Helix secured a deepwater well intervention contract from Esso Exploration and Production Nigeria to work on the Erha and Usan fields offshore Nigeria, demonstrating activity in West Africa. Source: Marine Technology News press report (Mar 2026).

What the relationship map implies for investors

Helix’s revenue profile is backlog‑driven and highly concentrated: five customers accounted for ~90% of backlog as of 12/31/2024, and the firm mixes long‑term frameworks with spot hires. That structure delivers strong visibility and operational leverage when long‑term assets are fully utilized, but it also creates material counterparty risk and revenue cyclicality if a small set of customers alter spending or contracts are canceled. Usage‑based and hourly billing mechanics preserve alignment between days worked and cash collected, but the company also depends on timely customer performance and large mobilization economics.

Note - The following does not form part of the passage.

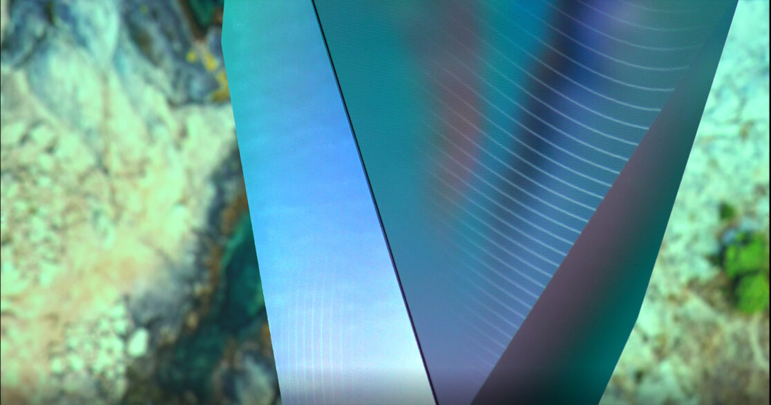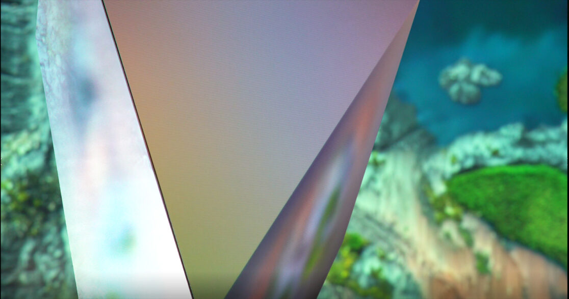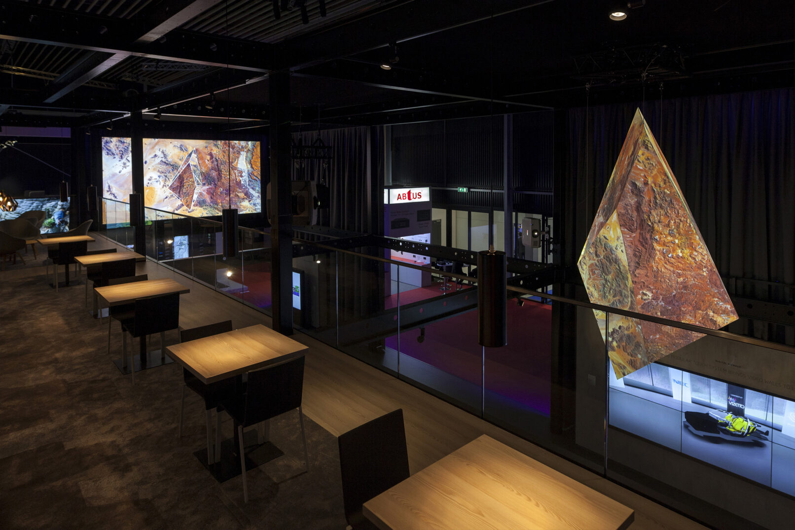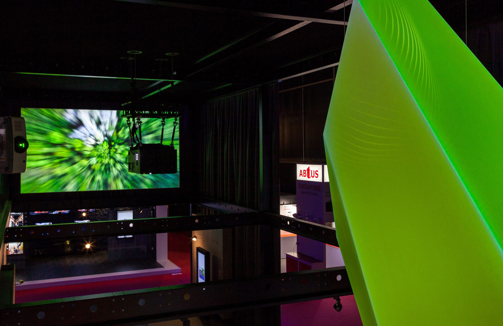 A floating polygon sculpture with an object-specific projection mapping was installed to correspond with a 4k-resoultion projection screen. The video content explores the structures of natural landscapes. It moves from distant aerial views into the very details, until the landscapes finally dissolve into abstract patterns and colours. The interplay of real-life footage and abstract video animations illustrates how modern imaging technology has mastered the task of displaying the beauty of nature while it demonstrates the remarkable imaging qualities of NEC’s projector range. At the same time, the extensive installation is an integral part of the booth design as its shifting colours, brightness and animation speed subtly influence the spatial atmosphere.

For a deeper exposure model and sector comparison, see https://nullexposure.com/.

Bottom line and actions for investors

  • Positive: Multi‑year contracts with Petrobras, Shell and ExxonMobil underpin backlog and utilization for premium assets.
  • Risk: Customer concentration and a hybrid spot/long‑term contract mix create asymmetric downside if major clients reprice or defer work.
  • Catalysts to watch: renewal decisions for Petrobras and Shell contracts, realization of the $680m+ 2025 revenue slice of backlog, and any material cancellations or contract renegotiations disclosed in interim filings.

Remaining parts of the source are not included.